But the only thing using substantial disk space is the pmproxy.log file.

Looks like Redis stops all write requests if it can't snapshot the database to the disk successfully. Makes sense from a durability point of view, otherwise you'll loose data when Redis gets restarted.

In PCP we log all errors coming from Redis. Not sure what's the best solution in this case - keep track of logged errors and only log each Redis error type once? We have this implemented for Redis reconnect (to not flood the pmproxy log with "trying to connect to redis..." messages), but I'm not 100% convinced that it makes sense to apply this for every single error type. What do you think @natoscott?

portante commented 2 years ago

This is why I asked about PCP logging to files. If it logged to journald either vis syslog or stdout/stderr from systemd process creation, then the disk would not have filled up.

andreasgerstmayr commented 2 years ago

This is why I asked about PCP logging to files. If it logged to journald either vis syslog or stdout/stderr from systemd process creation, then the disk would not have filled up.

Ah, because journald automatically manages log rotation. Yep, I'm also very much in favor of supporting journald.

afaics we have the following options a) drop the /usr/libexec/pcp/lib/pmproxy shell script, move this logic into the pmproxy binary and start the pmproxy binary directly, logging to stdout b) call /usr/libexec/pcp/lib/pmproxy in ExecStartPre= and start the pmproxy binary in ExecStart= c) or change the internal log routines to use (optionally) journald

I think option a) is the cleanest but the most effort, alternatively option b) is also fine imho. What we need to keep in mind is that PCP is also supported on non-systemd platforms.

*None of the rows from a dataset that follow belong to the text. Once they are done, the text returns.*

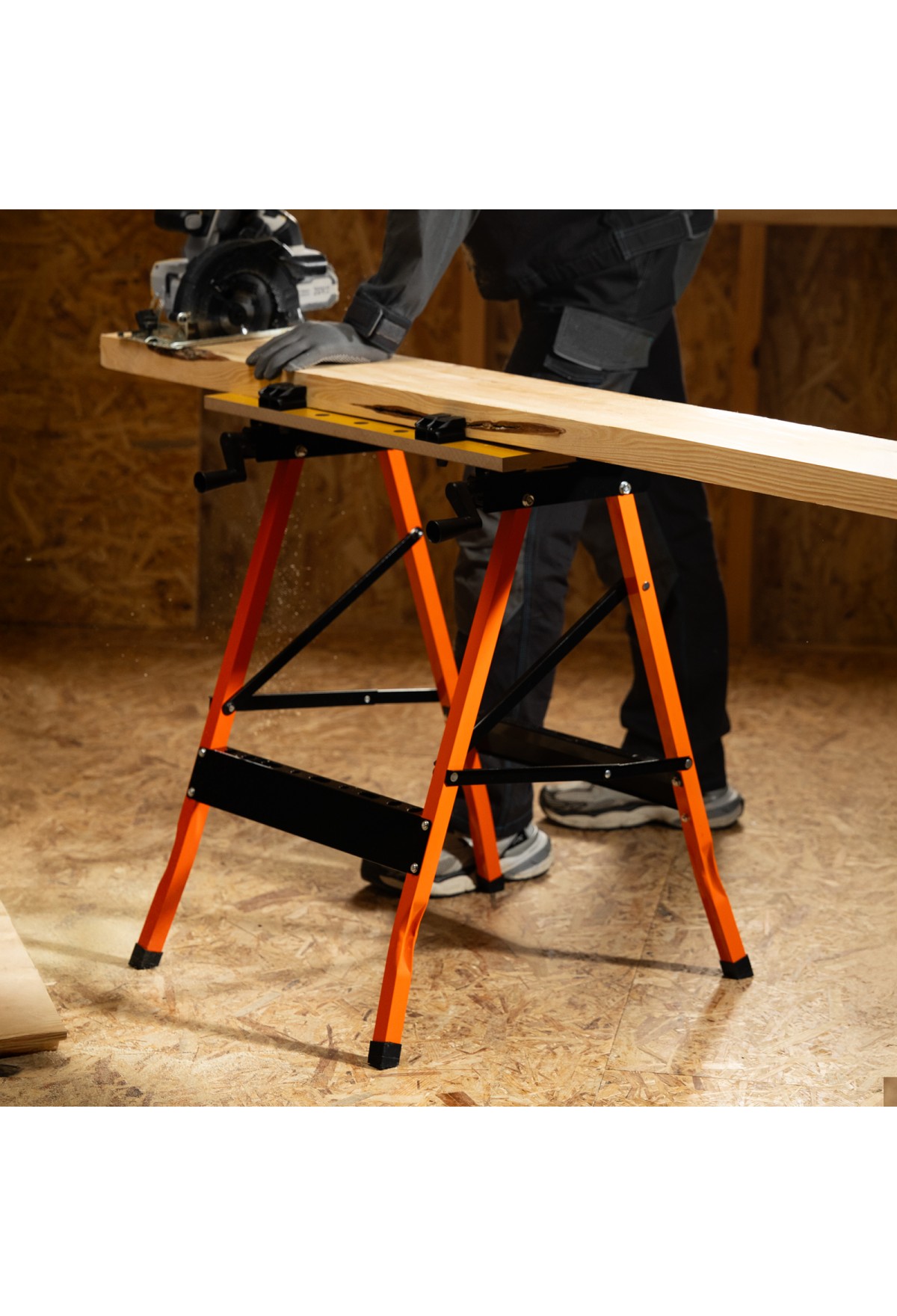 - Надежная конструкция — верстак-тиски выдерживает нагрузку до 100 кг.
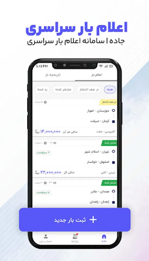 - در اپلیکیشن صاحب بار جاده ، میتوانید بار خود را تنها با چند کلیک ساده ثبت کنید و آن را بدون واسطه به مناسب ترین راننده کامیون اطراف بار با قیمت مناسب بسپارید
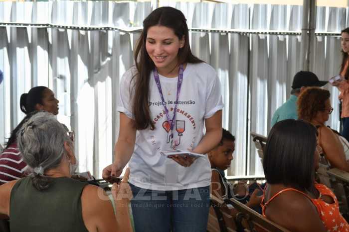 Aluna do projeto de extensão em Educação Permanente em Hemoterapia realizando panfletagem e orientação ao público. Foto: Marcio Curvello | Jornal Gazeta do Rio
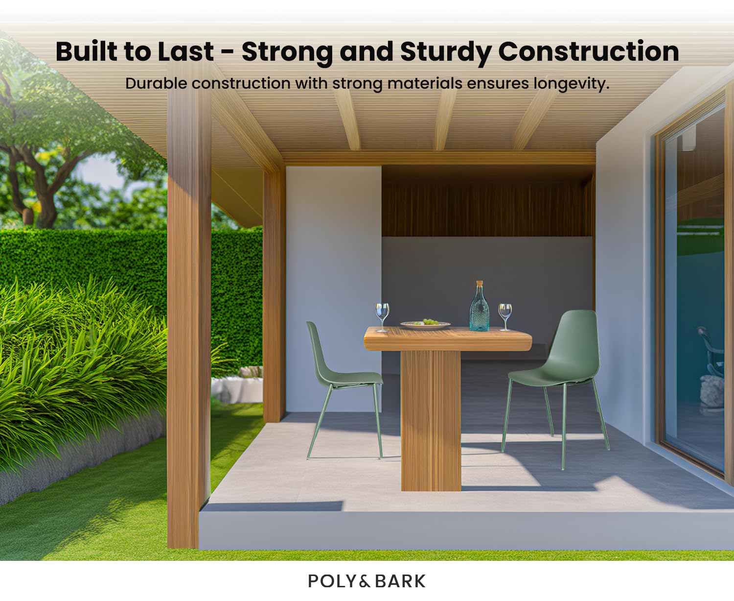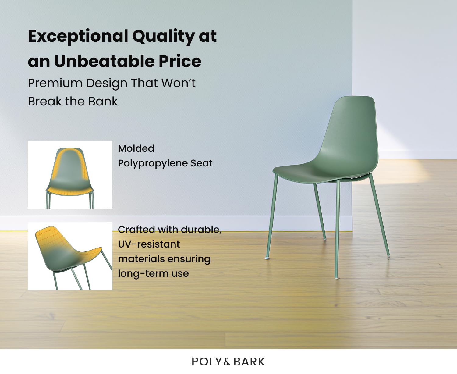 - Molded Polypropylene Seat: Crafted with a durable and UV-resistant molded polypropylene seat, these dining chairs set of 4 in Ebony Black ensure longevity and a vibrant color that stands the test of time.
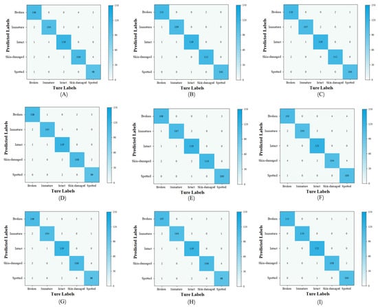 Confusion matrices for each model. (A) Vgg16, (B) ConvNeXt, (C) ResNet50, (D) EfficientNetB0, (E) MobileNetV2, (F) MobileNetV3, (G) ShuffleNetV2, (H) MobileViT-XXS, (I) MobileViT-SD.
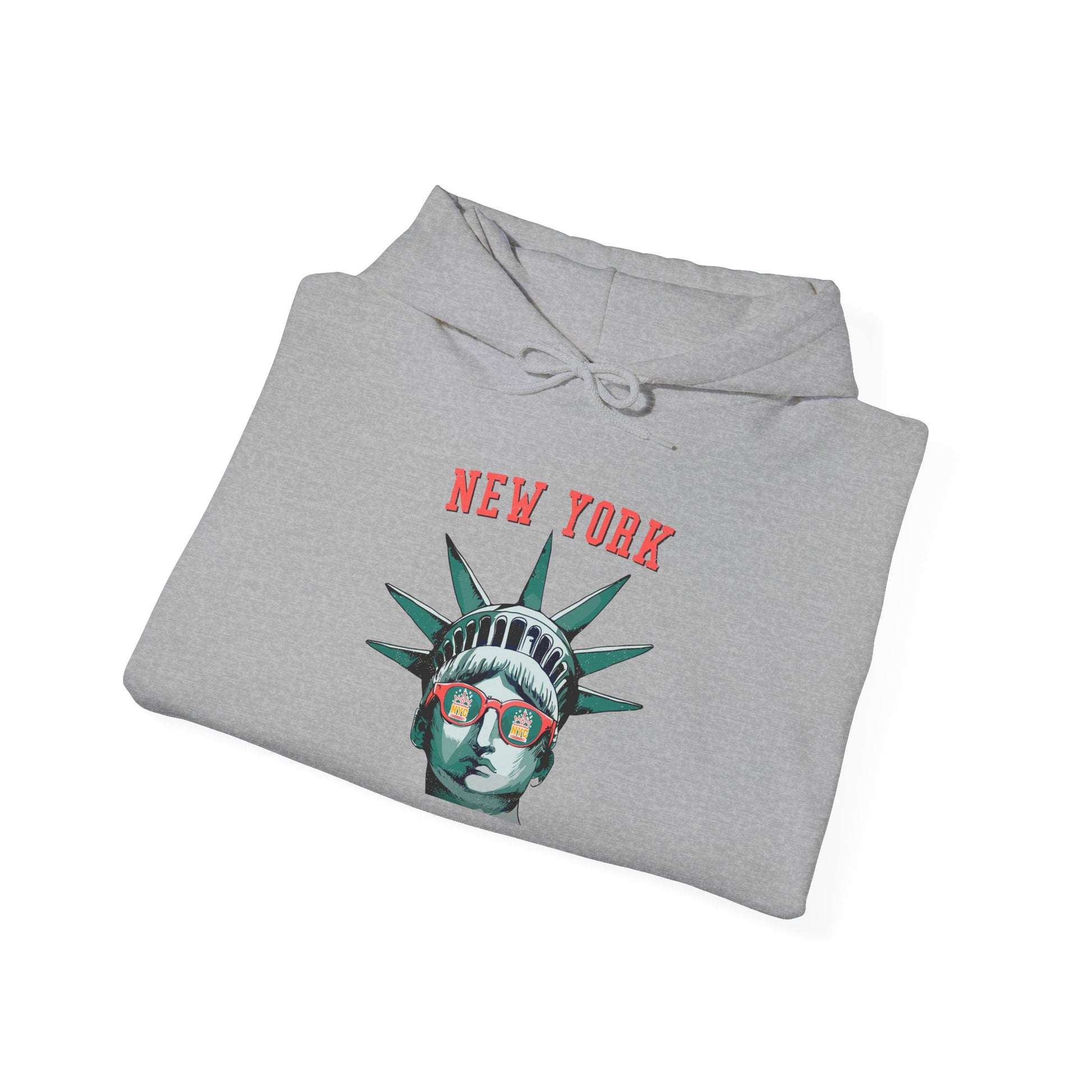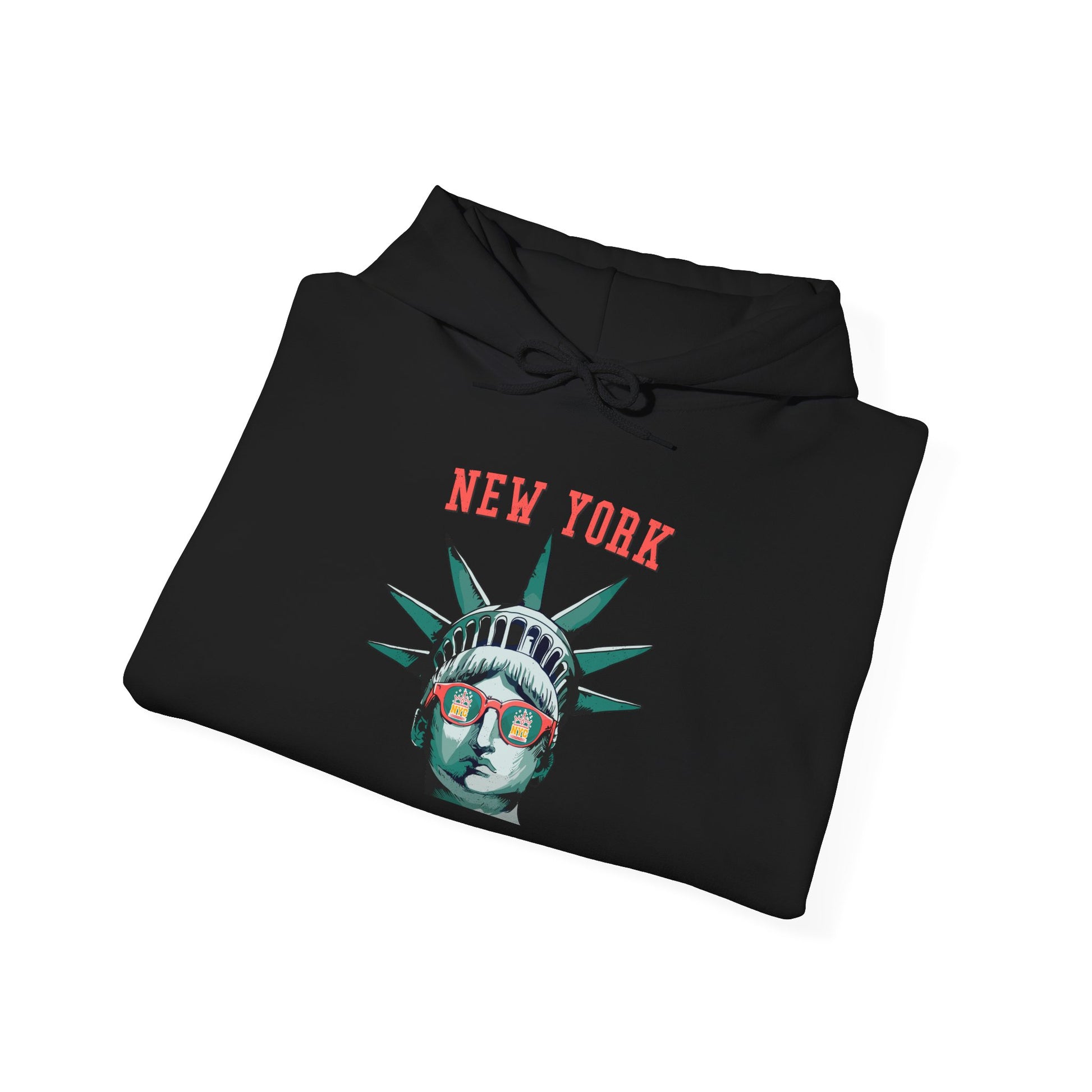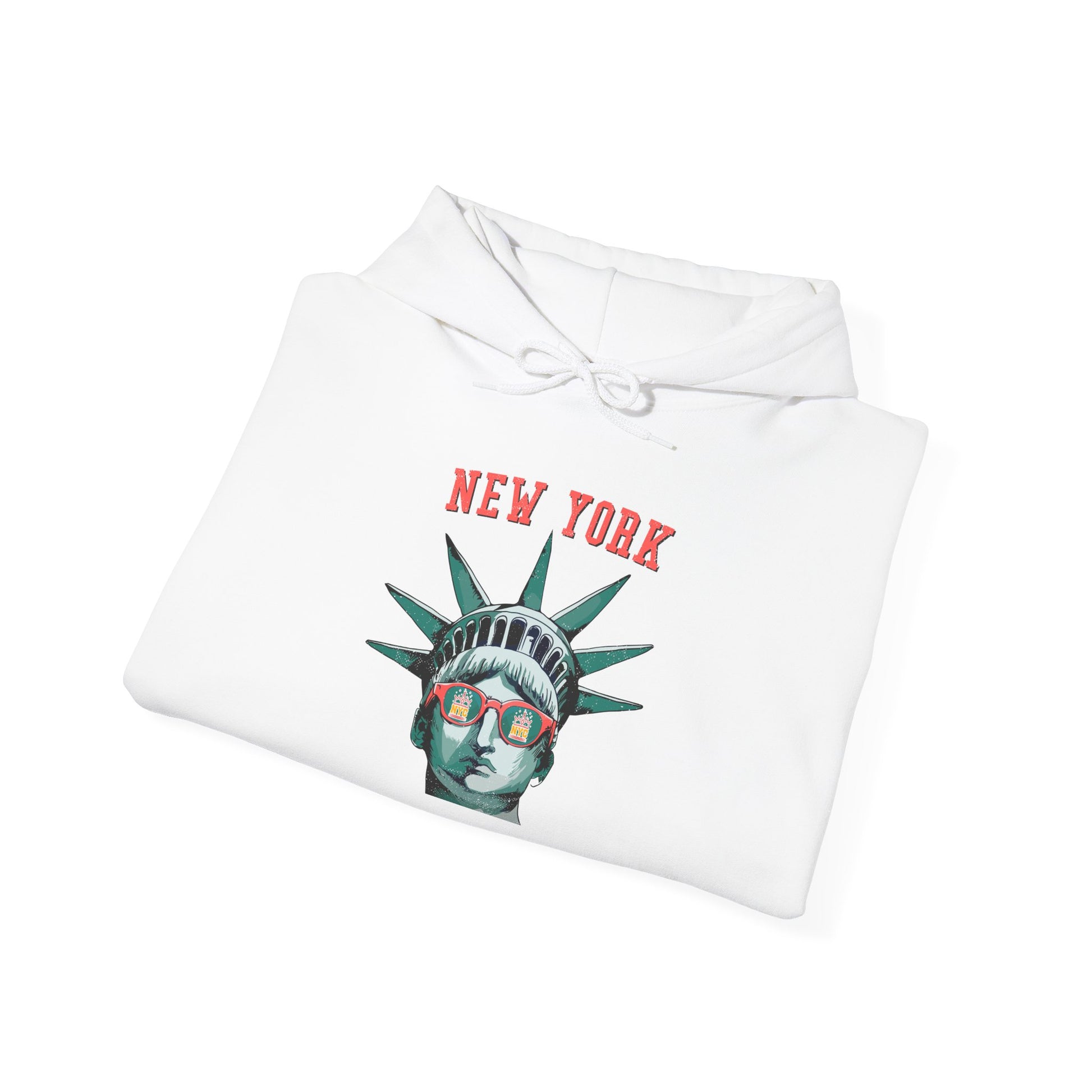 Let Lady Liberty guide you into the heart of New York City with this stylish and iconic hoodie. Featuring a bold graphic of the Statue of Liberty wearing trendy sunglasses, with the New York skyline reflected in the lenses, this tee is perfect for anyone who loves the city that never sleeps.

natoscott commented 2 years ago

@andreasgerstmayr I believe this is one of the areas @goodwinos is planning on tackling for PCP v6.

Another option (e.g. non-systemd and/or pre v6) would be to install logrotate(8) files. I don't think we can reliably attempt to throttle logging of all possible Redis issues in pmproxy, and logrotate is a generic solution we could apply to other PCP daemon logs as well.

portante commented 2 years ago

See this P99 talk on the problem with logging. Until we properly solved that, for system administrators, journald helps the most, as logrotate based solutions can't react fast enough in all cases.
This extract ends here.